Facebook’s “talking about this”

by David Gillespie

So I was sitting in a presentation from a Facebook rep today, a guy who did his best to slaughter everyone in the room by first lulling us all to sleep. He was recapping their recent announcements, nothing you haven’t heard.

While I was sitting there contemplating the swift, gracious death that might be bestowed on me were I more fortunate, I noticed a theme in what the rep was saying.

The first thing was, essentially, “If you want your campaigns to work, spend media dollars on them.” This comes as no surprise, of course they’re going to say that. And in my experience, they’re right. They’re right because they know people actually do not care about your brand one little bit, and if you want to have something decent to show for your campaign spend, you’re going to need to force it in front of people. Funny how new marketing looks a lot like old marketing.

The second thing I realised was they had shifted so quickly to focusing on engagement. Talking about engagement. Talking, in fact about their new metric “talking about this”, where the number of people doing just that kicks off that sentence. Strange, I thought, to have made such a sudden about-face.

And then it hit me: they were running out of road.

Look at the below graph. This is Starbucks’ fan growth over time to its present day.


Now look at this, Starbucks’ average new fans per week:

The growth they continue to experience would be the envy of most brands, but it’s still a shadow of its former self.

So, this is what I think: Facebook realised that all brands, from the smallest upstart to globe-straddling behemoths, would have a natural ceiling on the number of fans they had. Once brands hit that ceiling, it becomes harder for marketers to justify the ad spend because they’re not seeing the growth they’re used to, which in turn would mean they started to seek alternate places to spend their media dollars.

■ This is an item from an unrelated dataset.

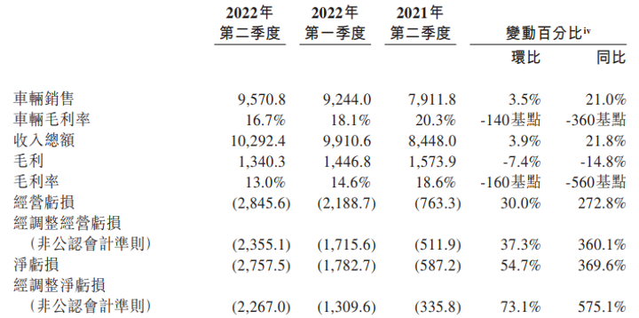 数据显示,2022年第二季度,蔚来净亏27.58亿元,经调整净亏损(非公认会计准则)22.67亿元,较上年同期亏损拉大369.6%、近6倍,环比扩大逾五成、逾七成。上半年,该公司净亏45.40亿元、经调整净亏35.77亿元,亏损同比拉大3.37倍、4.18倍。公司二季度、上半年的毛利率同比减少5.6个、5.24个百分点。

So what do they do? Change the conversation purposefully from being about numbers to “People talking about this“.

Now, I actually think it is the right way to go, number of fans had little more meaning than the number of friends anyone had on MySpace, and smart marketers always knew it was about engagement. But in launching this new metric and focusing as much attention on it as they can muster, Facebook have managed to stave off any apathy that may have been headed their way from marketing managers on post-fan-drive come downs.

The above might strike you as wildly cynical, but look at those graphs again. In an environment that will accept nothing less than significant year-on-year growth in all forms, what other conclusion can you come to?